However there's a range of tasks where a GUI file manager is just the right
tool for the job. I maintain OSX should have a proper file manager, regardless
how much Apple wants the Filesystem metaphor to die.

------
bloaf
I disagree. I believe there is a threshold level of performance beyond which
casual users cannot discern any improvement.

I believe that threshold for CPU performance is currently around a low/mid-
range i5. Getting a faster processor than that will not translate into any
tangible benefits in everyday usage. Even if there were a CPU that had twice
the performance of an i5, an end user can not tell the difference between
"practically instantaneous" and "1/2 practically instantaneous."

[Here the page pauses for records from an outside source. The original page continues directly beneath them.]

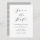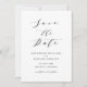 Simple and elegant save the date announcement featuring script, bold typography and stripes pattern.
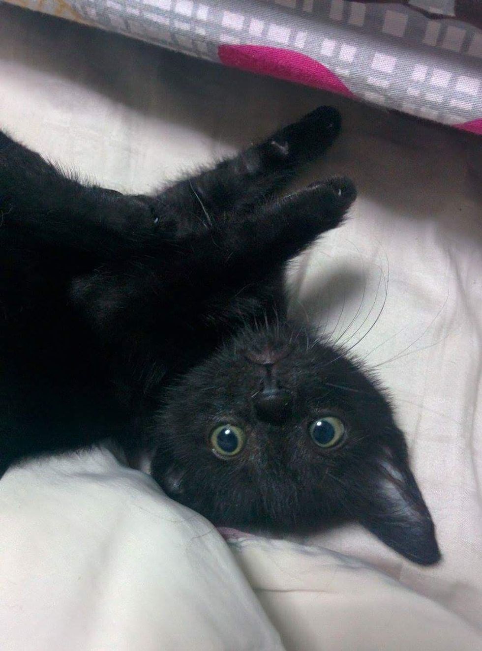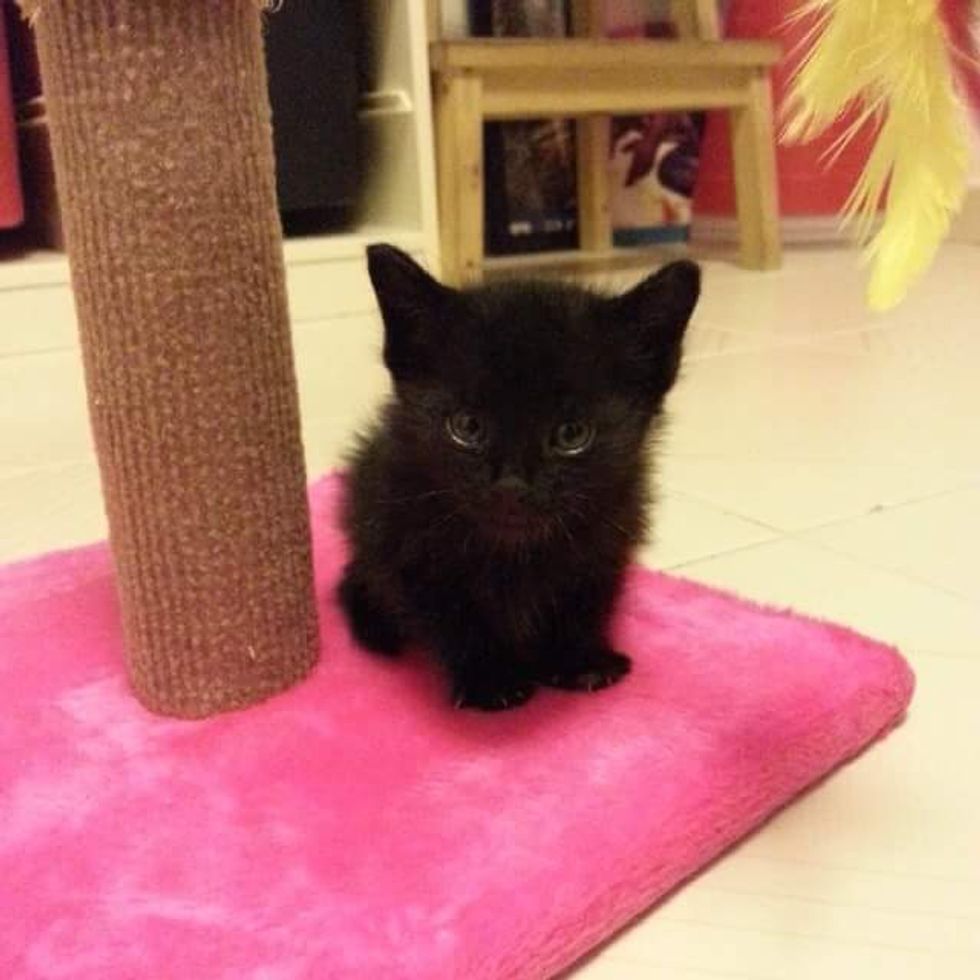 The little roadside kitten is now a beautiful black panther kitty who loves to talk.
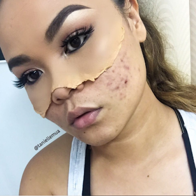 While many were shocked at the cake of make-up she uses to cover her acne,others called it deception and said she needs to let her face breathe so an can treat the acne instead of masking it up..

Likewise, there are limits to storage capacity. My parents, for example, store
everything on a single 1TB hard disk. Their drive barely has 250GB used, OS
and all. At their current rate of consumption, they _might_ exceed 50% disk
use in 5 years. Now we could come up with cases where the computer user is a
photographer, a videographer, or likes to collect linux isos, but I believe in
most real "casual use" cases, anything >1TB (currently) may as well be
infinite.

Obviously there are also upper limits on what screen size a casual user would
be able to effectively utilize. We should note, of course, that many casual
users do not understand how to effectively manage windows between two
monitors. I think the coming increase in pixel density coupled with a medium
(say, 21 inch) monitor would provide a casual user with about as much screen
as they could effectively use.

Lastly, there are cost trade-offs for all these things. Consider home
internet. It is true that power users might be able to make do with internet
speeds that would frustrate casual users (e.g. using Opera Turbo or using a
data plan.) However, in my area for example, you would have to pay roughly 3x
as much to get a "performance" 25 Mbps package versus the entry level 3-5
Mbps. Would it make sense for someone to pay that much more for internet just
so that their youtube videos buffered faster?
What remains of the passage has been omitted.